Et alors cette drogue de synthèse, vous nous apprenez qu’elle est non seulement exportée vers l’Asie, mais qu’elle est maintenant écoulée dans toute l’Afrique de l’Ouest sous forme de gélules qui paraissent inoffensives sur les « marchés par terre »…

Oui. Comme c’est un produit qui coûte très peu à produire, l’Afrique elle-même devient un terrain de jeu pour ces trafiquants. Ces drogues-là risquent d’entraîner une très forte déstabilisation et un délitement du tissu social dans un certain nombre de pays, comme cela a été le cas en Asie du Sud-Est.

Et vous-même, avez-vous pu acheter cette drogue sur des « pharmacies par terre » ?

En fait, les gens qui les vendent appellent cela des « défatigants » et d’ailleurs, je suis à peu près persuadé qu’ils ignorent qu’ils vendent un produit stupéfiant. Ce produit-là, j’en ai identifié trois types.

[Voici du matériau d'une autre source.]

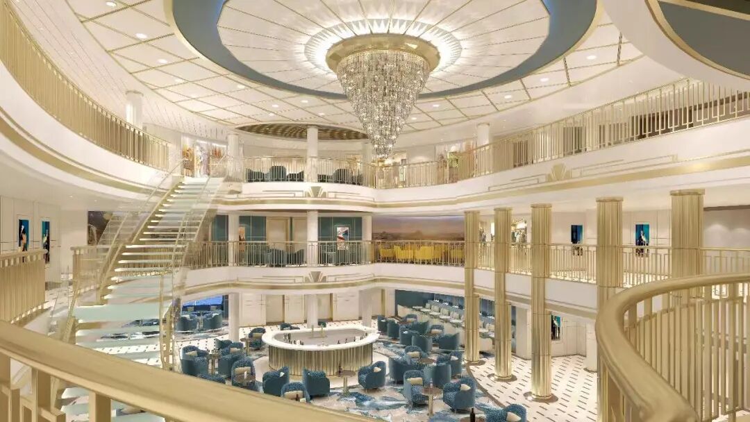 “爱达·魔都”号中庭广场效果图。图片来源:SWS外高桥造船微信

Il y a ce qu’ils appellent le « rouge » ou le « rouget ». Il y a ce qu’ils appellent « le bleu bleu » et il y a aussi une version sous forme de gélules jaunes qui est vendue avec une pilule de diclofénac, qui est un anti-inflammatoire non stéroïdien. Donc, ces produits-là, on les retrouve partout. Et les tests chimiques que nous avons réalisés ont réagi positivement à la méthamphétamine. Il s’avère que c’est effectivement de la méthamphétamine.

Des produits achetés sur des « pharmacies par terre » ?

Oui, voilà. Vers la gare de Sogoniko à Bamako. Vous en trouvez partout. Dans presque toutes les capitales de l’Afrique de l’Ouest, vous allez en trouver partout. Ce qui est étonnant, c’est les mêmes produits qu’on retrouve sous la même forme, partout dans l’Afrique de l’Ouest. Ce qui laisse supposer qu’on a plus ou moins la même équipe ou une forme de franchise sur le produit qui est vendu un peu partout en Afrique de l’Ouest.

En provenance du Nigeria ?

Effectivement, l’essentiel des laboratoires est au Nigeria. Mais je suis à peu près persuadé qu’il y en a un peu partout en Afrique de l’Ouest.

L’Afrique de l’Ouest qui devient non seulement une terre de passage, mais une terre de consommation…

C’est justement ce qui m’inquiète. De toute façon, aucune drogue ne transite par une zone sans faire de dégâts. L’Afrique de l’Ouest, l’Afrique australe, l’Afrique du Centre et l’Afrique de l’Est sont devenues de véritables cibles pour les narcotrafiquants.